The low concentration of miRNAs in plasma also presents a challenge for library preparation [12,13,14,15], particularly from small volumes. Low RNA input can result in a high proportion of adapter dimer and non-miRNA reads with a concomitant reduction in the number of reads mapping to miRNAs, which necessitates greater raw sequencing depth. The many non-target reads often detected from exogenous RNAs likely reflect the greater proportion of contaminating RNA molecules in low input samples [16,17,18]. To investigate the possibility of diet as a source of exogenous miRNAs we included plasma samples from the same individuals before and after a change in diet to include considerably more plant material.

The development of simple, robust protocols that address bias and low RNA input would both facilitate miRNA biomarker discovery and increase the feasibility of using small RNA-Seq itself as a tool to generate miRNA profiles for use as biomarkers. Indeed, as sequencing costs decrease, facilitating higher throughput, RNA-Seq may become the primary technique for measuring circulating miRNAs.

Protocols for the preparation of small RNA-Seq libraries are continually improving [19, 20] and various aspects of the expanding number of alternatives have been reviewed [11, 21,22,23,24]. Issues particularly pertinent for blood-based biomarker discovery are the ability to work with low miRNA concentrations and reduction of bias. Here we assess the efficacy of three recently commercially available small RNA library preparation methods specifically designed to address one or both of these issues. CleanTag™ Small RNA Library Prep Kit (TriLink) uses modified adapters to reduce adapter dimer formation from low inputs of RNA [20]. NEXTflex® Small RNA Sequencing Kit v3 (Bioo Scientific) uses randomised adapters to reduce sequencing bias and adapter dimer reduction technology to allow low inputs of RNA [19]. QIAseq miRNA Library Kit (QIAGEN) claims to employ optimised reaction chemistry to reduce bias, minimise adapter dimer formation and contaminating non-miRNAs, facilitating low inputs of RNA. QIAseq is the only kit to incorporate unique molecular indices (UMIs) into each cDNA to enable correction for PCR bias.

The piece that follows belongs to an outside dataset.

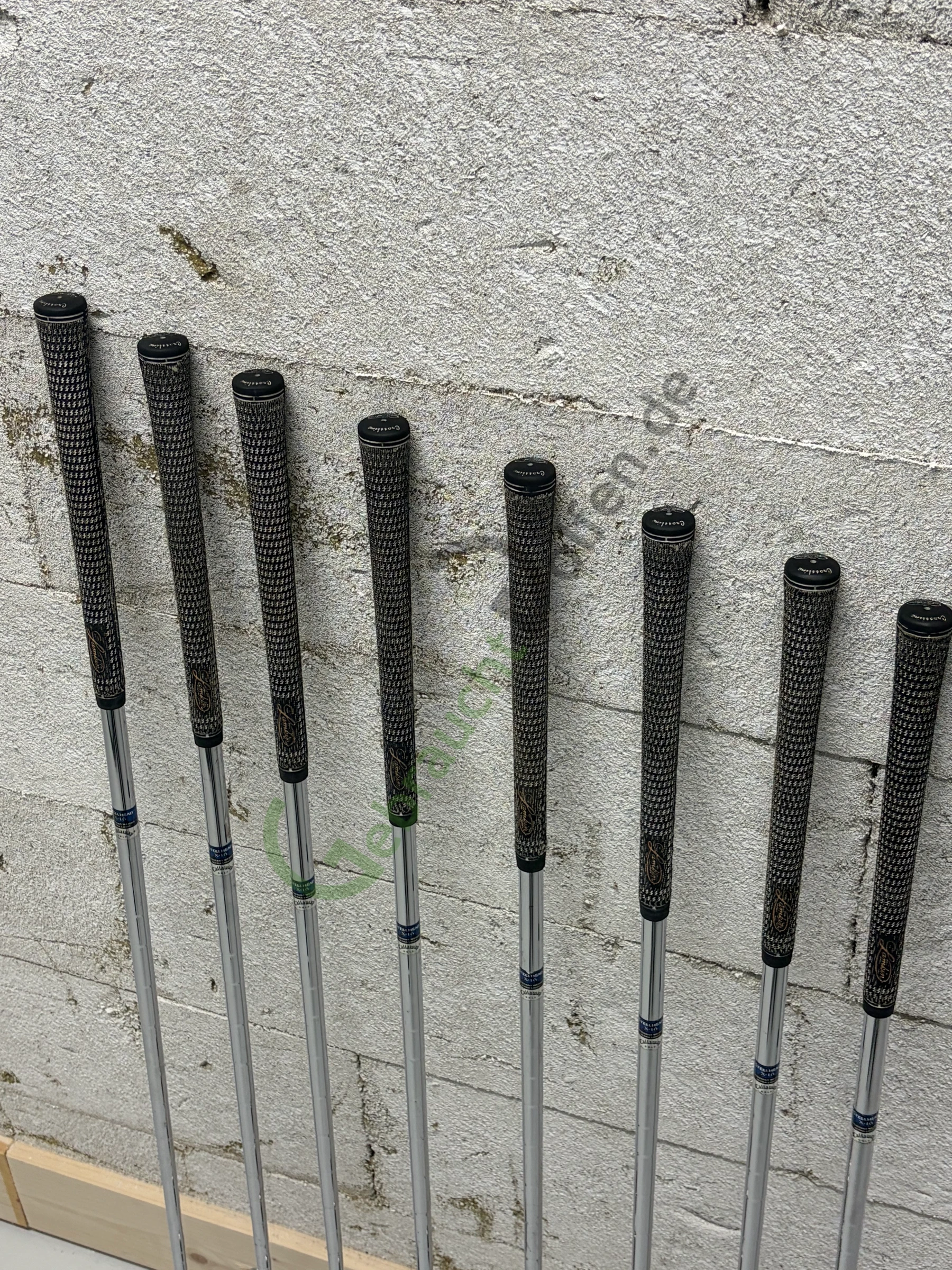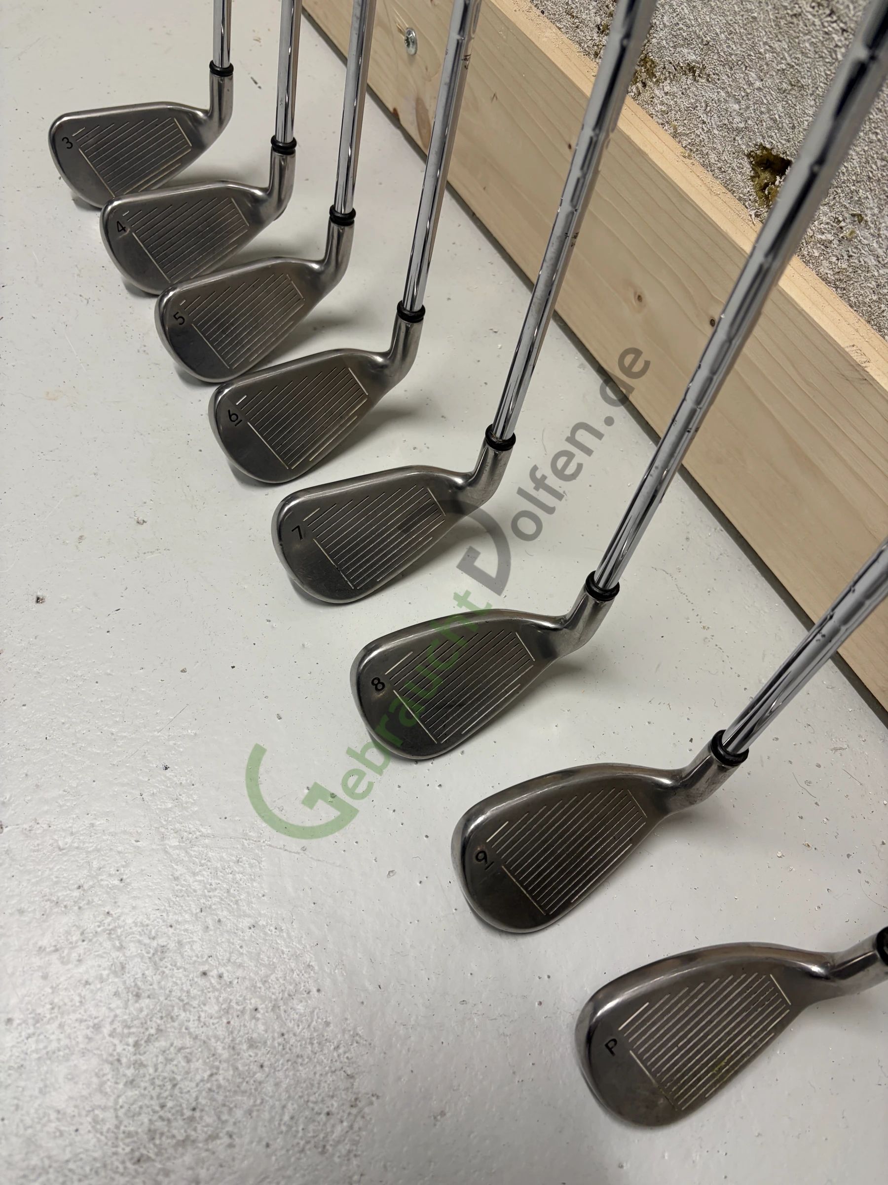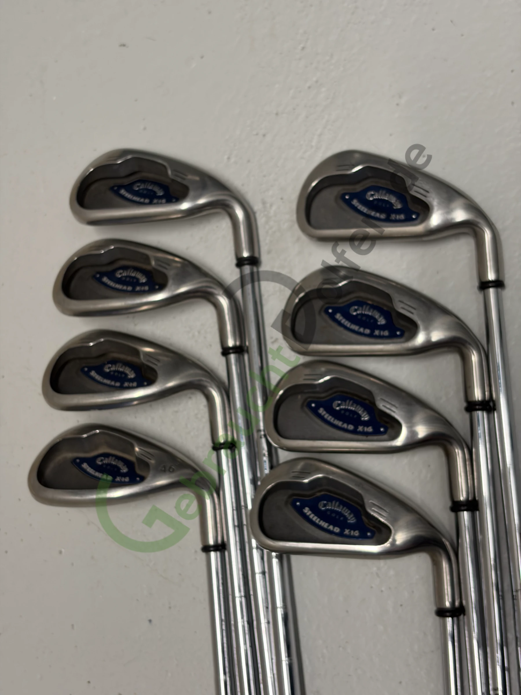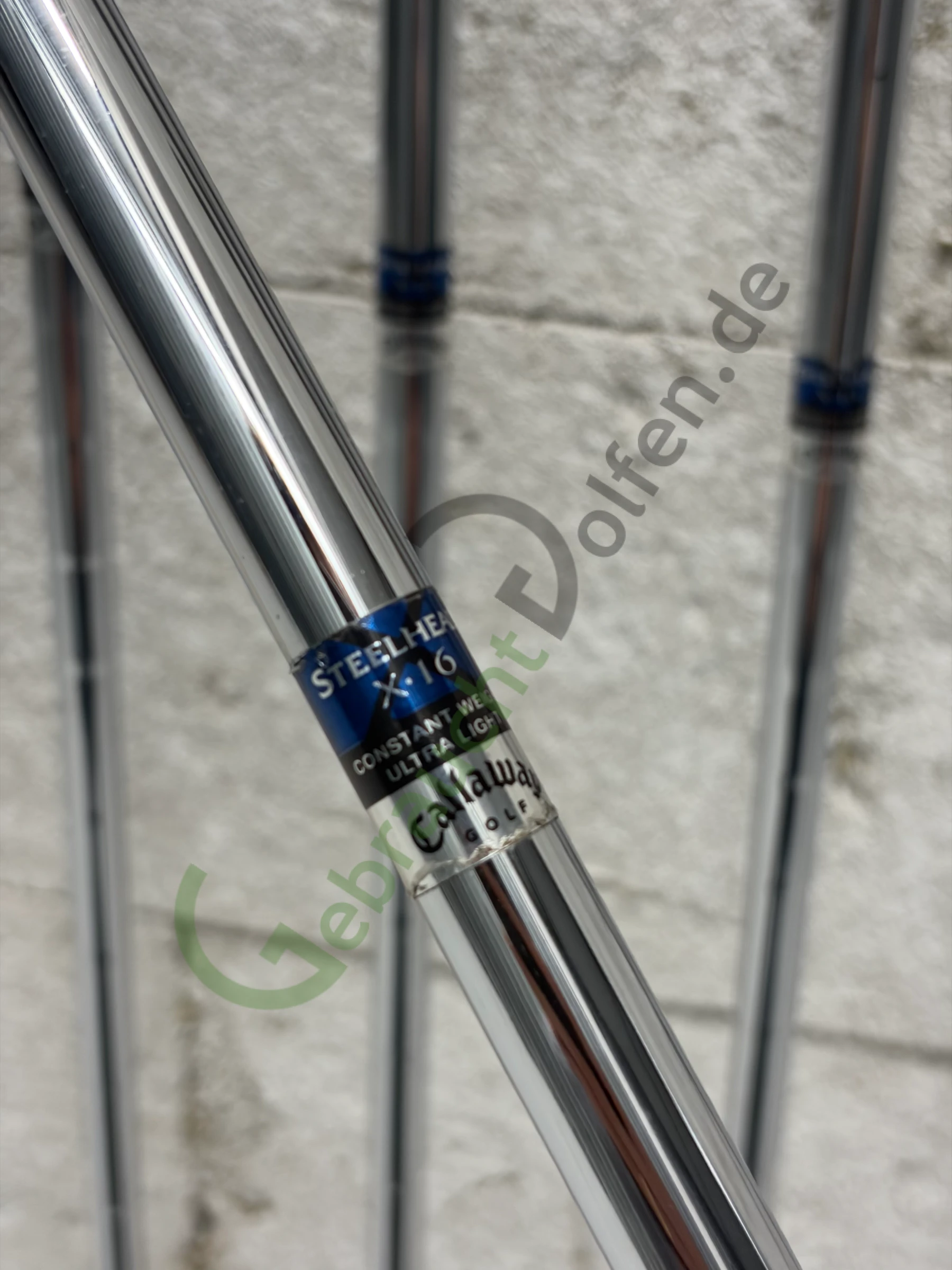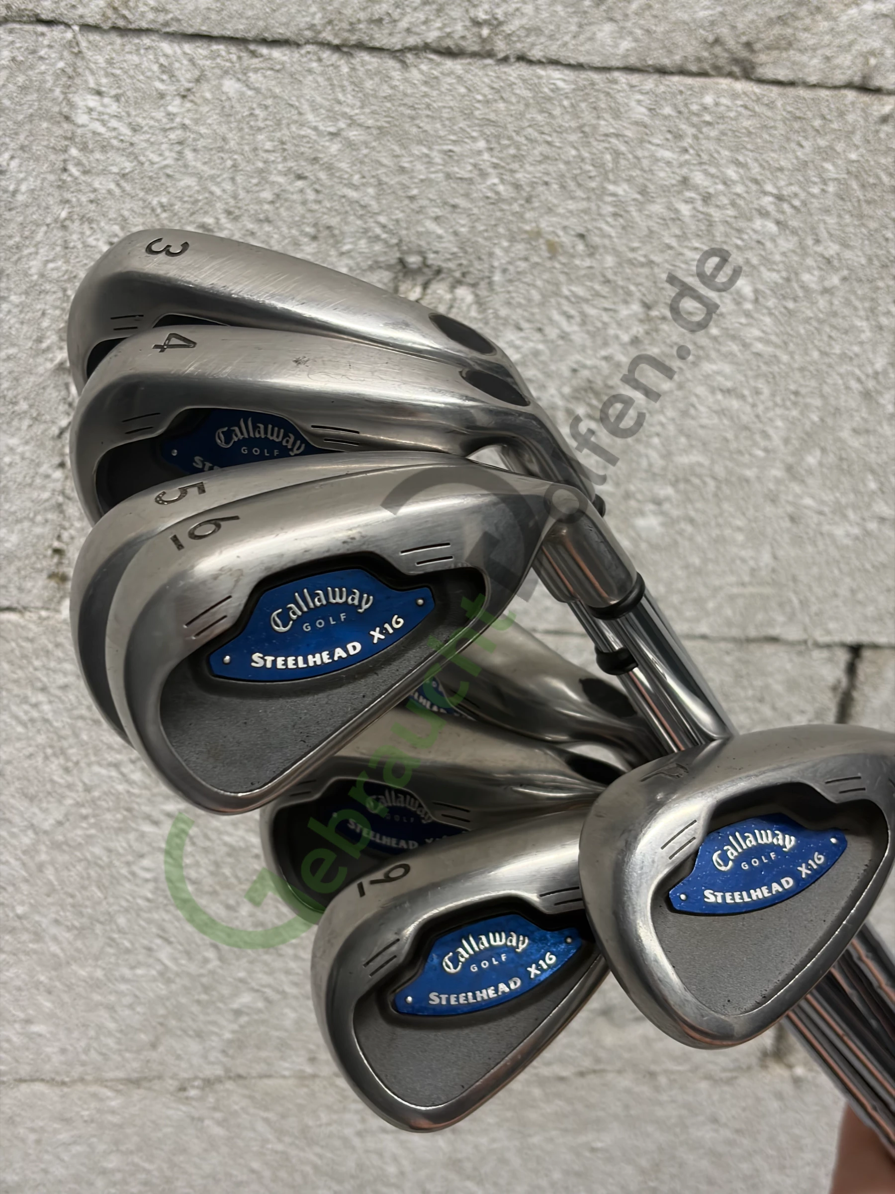 Gebrauchter Eisensatz von Callaway aus der X-16-Serie von Eisen 3 bis Pitching Wedge und Stahlschaft um einen Zoll bzw. 2,53 cm verlängert in Uni-Flex (zwischen Stiff- und Regular-Flex) für Rechtshänder.

RNA extraction methods have been reported to affect the profile of miRNAs detected [13, 15, 25, 26]. The MagnaZol™ cfRNA Isolation Reagent (Bioo Scientific) and miRNeasy Serum/Plasma kit (QIAGEN) are RNA extraction kits for the extraction of small RNAs from biofluids, specifically designed to work with low input volumes of plasma. We assess how RNA extracted with these kits performs with both library preparation kits supplied by the respective manufacturers. A workflow identifying the key differences between RNA extraction and library preparation methods is provided in Additional file 1.

Our results show that whilst all protocols provided reproducible results, which can be used for comparison of relative expression, the miRNA profile detected from plasma samples is greatly affected by the choice of library preparation kit and, to a lesser extent, the RNA extraction method.

Results/discussion

Study design

To compare the efficiency of RNA extraction methods, RNA was extracted from the plasma of three individuals at two time points. The time points were before and after a change in diet, increasing plant consumption, with an increase in fruit and vegetable intake from < 2 to 8 servings per day over 4 weeks in a controlled setting with all food provided and two meals per day consumed under supervision to maximise compliance [27]. RNA was extracted using either the MagnaZol™ cfRNA Isolation Reagent (M) from the maximum volume of 600 μL of plasma per 2 mL tube or the miRNeasy Serum/Plasma extraction (m) from the maximum volume of 200 μL of plasma per column. The miRNeasy extraction was carried out twice on each plasma sample and purified RNA was pooled to increase the volume of RNA available for library preparation.

Three library preparation kits, CleanTag (CT), NEXTflex (NF) and QIAseq (Q), were compared on all miRNeasy RNA samples because this extraction method has been shown previously to perform favourably against other commercially available kits [15]. For both mQ and mNF, 5 μL of RNA was used because this is the recommended input from serum/plasma for QIAseq, whilst NEXTflex has a variable input (up to 10.5 μL) but gives no recommendation for serum/plasma. For CleanTag, the maximum input of 2 μL of RNA was used. QIAseq and NEXTflex libraries were also prepared on 5 μL of MagnaZol RNA from the three individuals at two time points to compare library preparations on RNA extractions provided by both manufacturers. mCT, mQ and MQ libraries were purified using the recommended gel free magnetic bead cleanup (Agencourt AMPure XP beads for CT, QMN beads for Q). mNF and MNF libraries were purified using PAGE size selection as recommended for low input RNA. All libraries were prepared in the same laboratory by the same individual. A list of abbreviations outlining the RNA extraction and library preparation methods is provided in Table 1.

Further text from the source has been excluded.